Guggenheim Abu Dhabi is currently being constructed on Saadiyat Island – a cultural district under development off the coast of the UAE capital.
At 42,000-square-metres, the museum will become the largest of the four Guggenheim outposts, overtaking Guggenheim Bilbao that Gehry also designed.
“It is truly thrilling to see this project enter into this new phase,” Gehry said.
“I hope that this building is embraced by the people of the UAE and that this work will endure as a landmark for the country for many years to come.”
Plans for the Guggenheim Abu Dhabi were first revealed in 2006 and work began on site in 2011, but it was then suspended for several years.
The news of its opening date, revealed by Abu Dhabi’s Department of Culture and Tourism, comes two years after the Guggenheim Foundation confirmed construction was restarting.

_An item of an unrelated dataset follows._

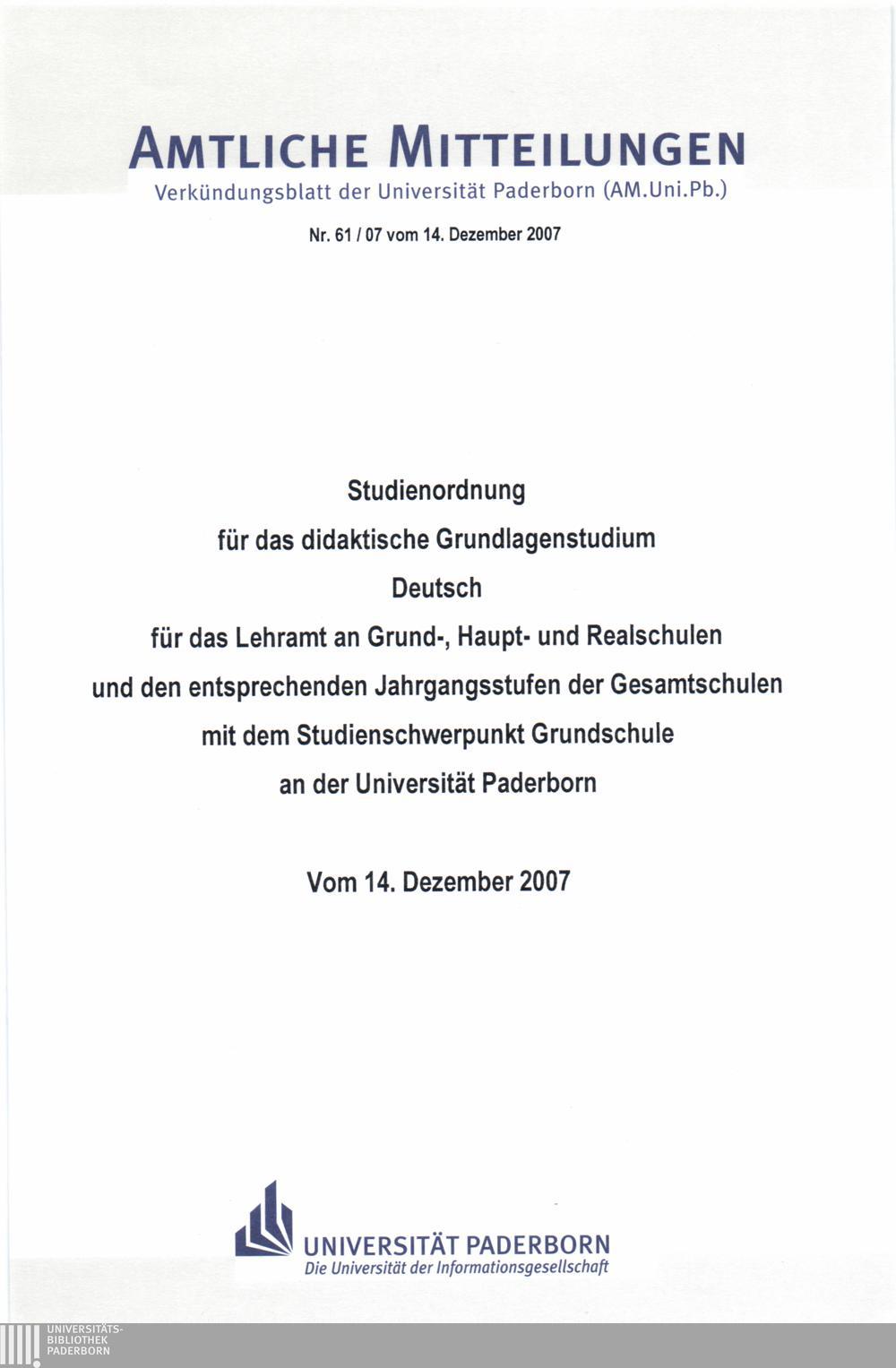Studienordnung für das didaktische Grundlagenstudium Deutsch für das Lehramt an Grund-, Haupt- und Realschulen und den entsprechenden Jahrgangsstufen der Gesamtschulen mit dem Studienschwerpunkt Grundschule an der Universität Paderborn : vom 14. Dezember 2007

Gehry’s design for the museum comprises a cluster of galleries of varying heights, shapes, and characters.
It will also contain a centre for art and technology alongside a children’s education facility, archives, library and conservation laboratory.
Once complete, the museum will be operated by the Guggenheim Foundation but owned by Abu Dhabi’s Tourism Development & Investment Company, which commissioned the project.

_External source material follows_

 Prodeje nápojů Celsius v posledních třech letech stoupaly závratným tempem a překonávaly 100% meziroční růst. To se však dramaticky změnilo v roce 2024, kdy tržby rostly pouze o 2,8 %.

It will form part of a larger complex of arts and cultural institutions on Saadiyat Island that is intended to establish Abu Dhabi as a major cultural destination.
Other buildings on Saadiyat Island include Jean Nouvel’s Louvre Abu Dhabi, which was the first outpost of the Musée du Louvre outside France.
The Zayed National Museum by Foster + Partners is also under construction there, alongside a performing arts centre by Zaha Hadid Architects, a maritime museum by Tadao Ando and The Abrahamic Family House by Adjaye Associates.
In 2014, there was a competition for the design of another Guggenheim museum on Helsinki’s waterfront. The winning design was a cluster of charred timber pavilions linked by garden patios by Moreau Kusunoki Architectes.
However, plans for the museum proved controversial, with some critics describing it as a vanity project. Two years later it was scrapped after the Finnish government refused to allocate funds.
Elsewhere, Gehry recently completed The Tower, a stainless steel-clad arts building for Luma Arles. At its opening, the architect told Dezeen that it is designed to fit in with both the ancient Roman city and today’s environmental agenda.
“I respond to every fucking detail of the time we’re in,” said the 92-year-old at the time.